No sabía bien qué es lo que buscaba. Las luces eran seguramente producto de su cansancio, que cedió al recuerdo de aquella noche trágica. Podía también ser una señal de peligro. Pablo creía mucho en su instinto y en las señales que nos guían a través de un mundo poblado de enigmas y de peligros. O tal vez era simplemente el pretexto que necesitaba para detenerse un rato y salir de sus hábitos un momento, una forma de alterar sus reacciones cotidianas marcadas por una insoportable monotonía, y de olvidar tanto compromiso, tanto ruido, tanta gente, tanta presión, tanta prisa, citas, desvelos...
Un susto enorme lo hizo saltar, un ruido muy familiar pero que le fue imposible identificar antes de una violenta descarga de adrenalina (músculos tensos, pulso acelerado, grito sofocado), como cuando suena un despertador a media pesadilla empujando al cerebro a inventar una forma de adueñarse del ruido externo, creando escenarios diferentes a una velocidad apabullante, que se van reemplazando uno al otro cada que descubrimos la incongruencia con el sonido "real", hasta que en medio de la confusión y del sentimiento de inminencia de un peligro logramos despertar, finalmente, en un estado de angustia total. Su teléfono celular estaba sonando.
Sintió en las axilas el deslizamiento de las gotas frías de sudor que produjo el sobresalto. Miró su reloj y se dio cuenta que ya era la hora de la cita con Verónica. Tuvo un espasmo en el estómago. Pablo se sintió ridículo. Sólo estaba retardando las cosas. Dio media vuelta para regresar a su auto.

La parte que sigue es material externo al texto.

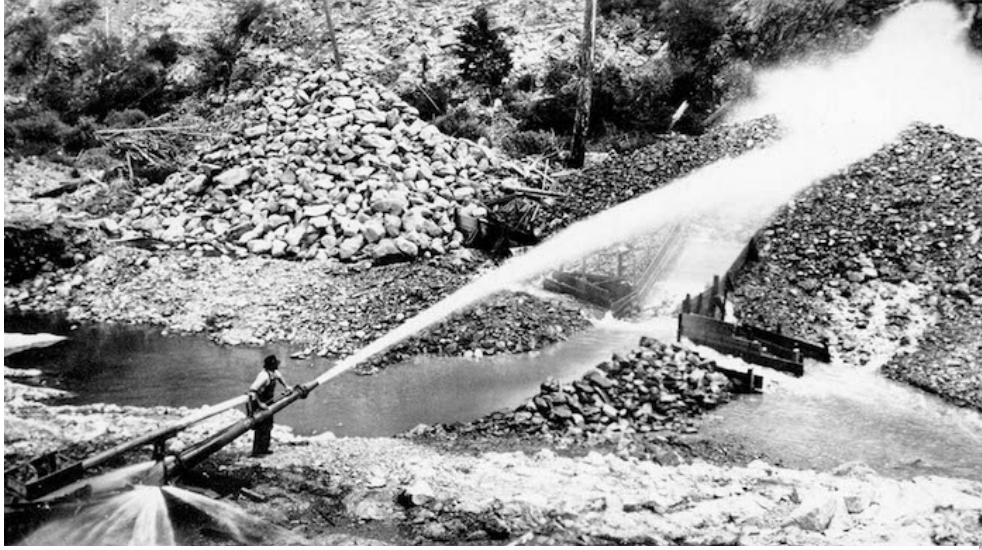
Hydraulic mining water cannon using high pressurized streams of water to process mass material that is then sent through sluices.

In December 1873, a well-respected 42-year-old miner from France was guiding his horse drawn buggy from the town of then Cucamonga (later ranch Cucamonga) just before sunset to his home and gold mine in the Lytle Creek area. The mine was well known to produce rich clean out regularly. One report said he made

Igual que si este movimiento hubiese sido la señal para que entrara en escena un actor en una obra de teatro, o como si este cambio en su estado de ánimo alterara el entorno, un carro apareció a lo lejos. Unos segundos más tarde se detuvo adelante del suyo, y luego se alejó. Pablo ya estaba a unos cuantos pasos cuando vio a alguien parado a lado de su carro abriendo la puerta. El interior se iluminó. Pudo ver la cara del hombre que le apuntaba con un arma al mismo tiempo que entraba y cerraba la puerta. Se apagó la luz del interior. El motor arrancó. Pablo se acercó más. Vio los chispazos de tres disparos.
Tardó unos instantes para poner en orden su cabeza y convencerse de que lo importante no era la impresión de déjà-vu durante todo el suceso, sino el hecho que le habían robado su carro. Sin embargo, esas tres explosiones secas y sordas que tantas veces habían resonado en su memoria, y ese rostro...
Siguió su auto con la vista, sintiendo la impotencia habitual en estos casos. El sonido del motor fue desapareciendo a lo lejos, entre las montañas, mas allá del horizonte, hasta diluirse y desaparecer bajo el ruido del viento. Jamás se había fijado en lo bello del ruido aterciopelado de un motor nuevo perdiéndose en la noche. Un ronroneo muy agradable. Pensó en el cofre saturado de piezas, de cables, de filtros, de material electrónico. Todo, dentro de cajas negras de plástico. Nada parecía tener movimiento, como si el hombre moderno tratara de esconder una realidad vulgar engañando a sus sentidos hasta ya no dejarlos participar en nada directamente. Se inventan amortiguadores sofisticados, se colocan hules en todas partes para aislar las vibraciones, se fabrican puertas herméticas que no dejen al viento chiflar y se ponen en el tablero instrumentos de medición con los cuales podamos saber que vamos muy rápido. Tal vez queremos hacer de la velocidad, y del mundo en general, algo conceptual. Lo virtual nos brinda una sensación de seguridad.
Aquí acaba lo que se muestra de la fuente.